Michigan’s 54th Attorney General prides herself in being the first openly gay person elected to statewide office in Michigan, and has built her career on LGBTQ legal advocacy. She’s married to Alanna Maguire, whom she met fighting against Michigan’s same-sex marriage ban, and has two kids.

At Wednesday’s press conference, Nessel offered a greatest hits of perceived slights against the LGBTQ community during former President Donald Trump’s tenure, suggesting “if Donald Trump is back in office there will be a whole lot more of them.”

It was a similar message when the attorney general campaigned on Biden’s behalf for “a small group of supporters” at a Lansing coffee house last month, when she met with women from Louisiana and Texas to discuss concerns about abortion restrictions.

Seated in front of a “Stop Trump” sign, Nessel told the media “I don’t know what’s more government overreach than the government deciding they should have a say in your ovulation cycle.

“But that’s what we’re going to get with another Trump administration,” she said.

Nessel alleged “really, anything goes when it comes to persecuting women for having the audacity … to reproduce” because the former president has “no interest in protecting women,” Bridge Michigan reports.

Nessel’s disdain for Trump, however, isn’t limited to the campaign trail. It’s leaked out in prosecutions she’s launched against at least 20 Republicans ahead of the November election.
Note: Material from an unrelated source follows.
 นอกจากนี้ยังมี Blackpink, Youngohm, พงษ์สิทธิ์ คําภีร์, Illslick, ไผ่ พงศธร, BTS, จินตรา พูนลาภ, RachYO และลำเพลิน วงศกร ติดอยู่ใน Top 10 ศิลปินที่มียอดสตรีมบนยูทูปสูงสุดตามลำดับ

Last year, when Nessel announced felony charges against 16 high-level Michigan Republicans who backed Trump in 2020, she alleged her office had “overwhelming evidence of an organized effort to circumvent the lawfully cast ballots of millions of Michigan voters in a presidential election.”
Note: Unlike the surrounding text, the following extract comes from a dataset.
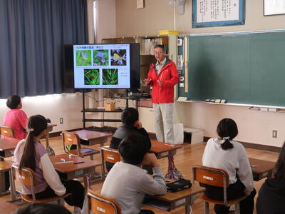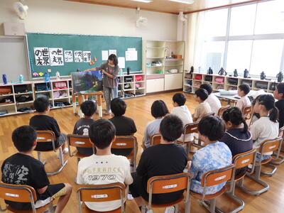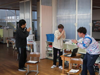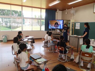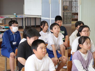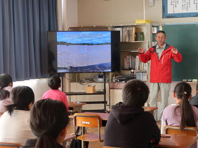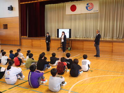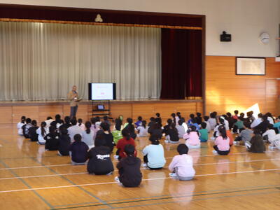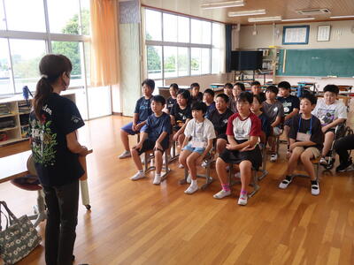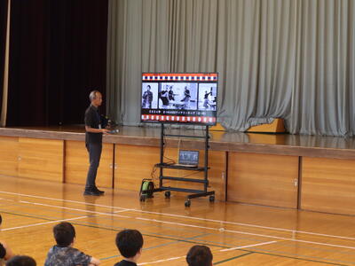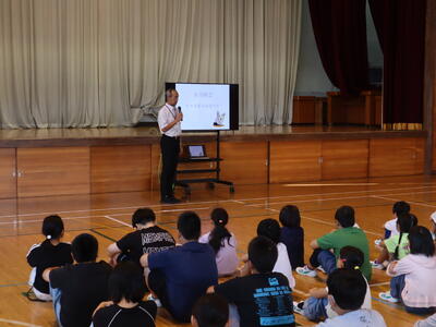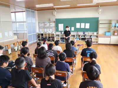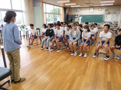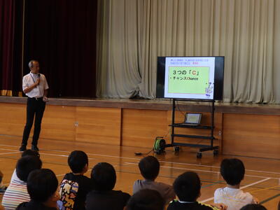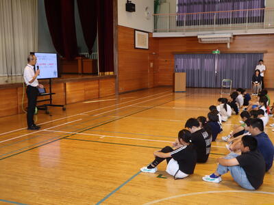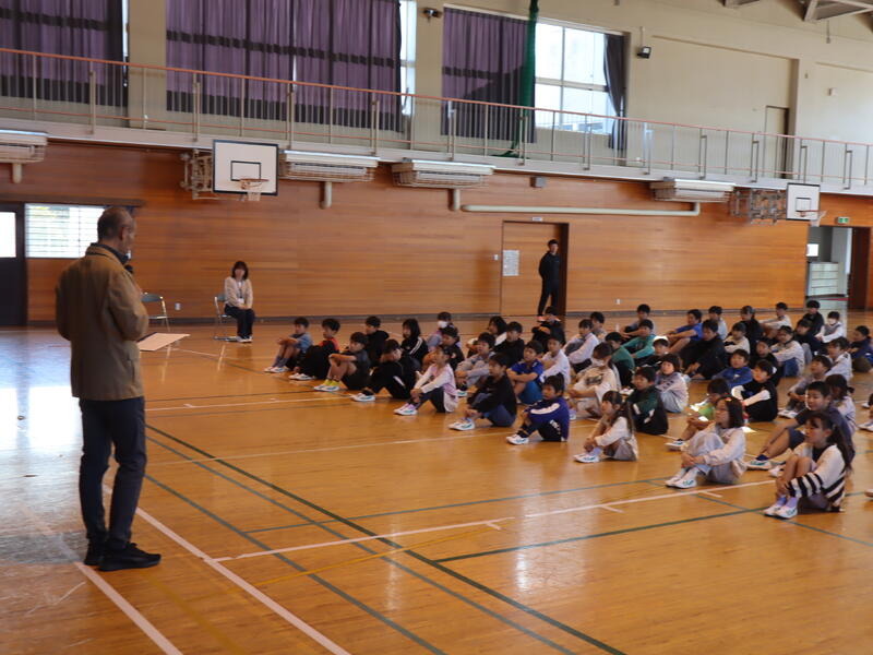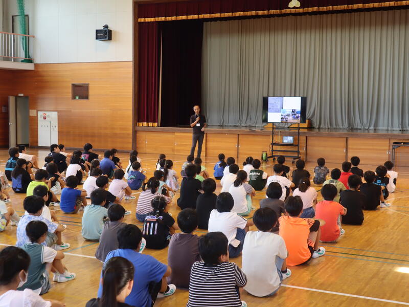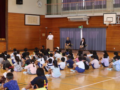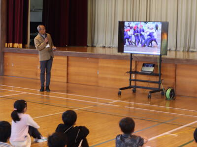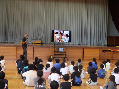 的場さんのご自身の小学校時代の経験や選手時代の思い出などをもとにお話しいただきました。教え子からこんなすばらしいメッセージを子どもたちに伝えてもらい、その様子を見てうれしい気持ちでいっぱいになりました。

Through a dozen days of preliminary examinations in Ingham County District Court, Nessel’s top investigator, Howard Shock, has yet to produce that evidence.

“Where’s the evidence of any intent that anybody had to commit to crime?” defense lawyer John Freeman asked this week.

“It’s all wishful thinking,” he said. “It’s a politically motivated which hunt that has no basis in the evidence.”

Even the judge in the case, Kristen Simmons, has highlighted “glaring” concerns with the prosecution.

“I can understand why the questions are now steering to how this investigation went about because if you’re not presenting your investigation well, we now need to understand what happened during the investigation,” Simmons said.

Simmons has also taken issue with Nessel’s comments to The Detroit News during the case, in which the attorney general expressed frustration “that it’s taking so long for any of these cases involving the 2020 election to get to a point where we’re actually seeing criminal trials.”

“How long does she think that’s going to take?” Simmons questioned. “They all have the right to bring their own counsel. They all have the right to cross examine. They all have the right to bring their own witnesses should they want to do that.”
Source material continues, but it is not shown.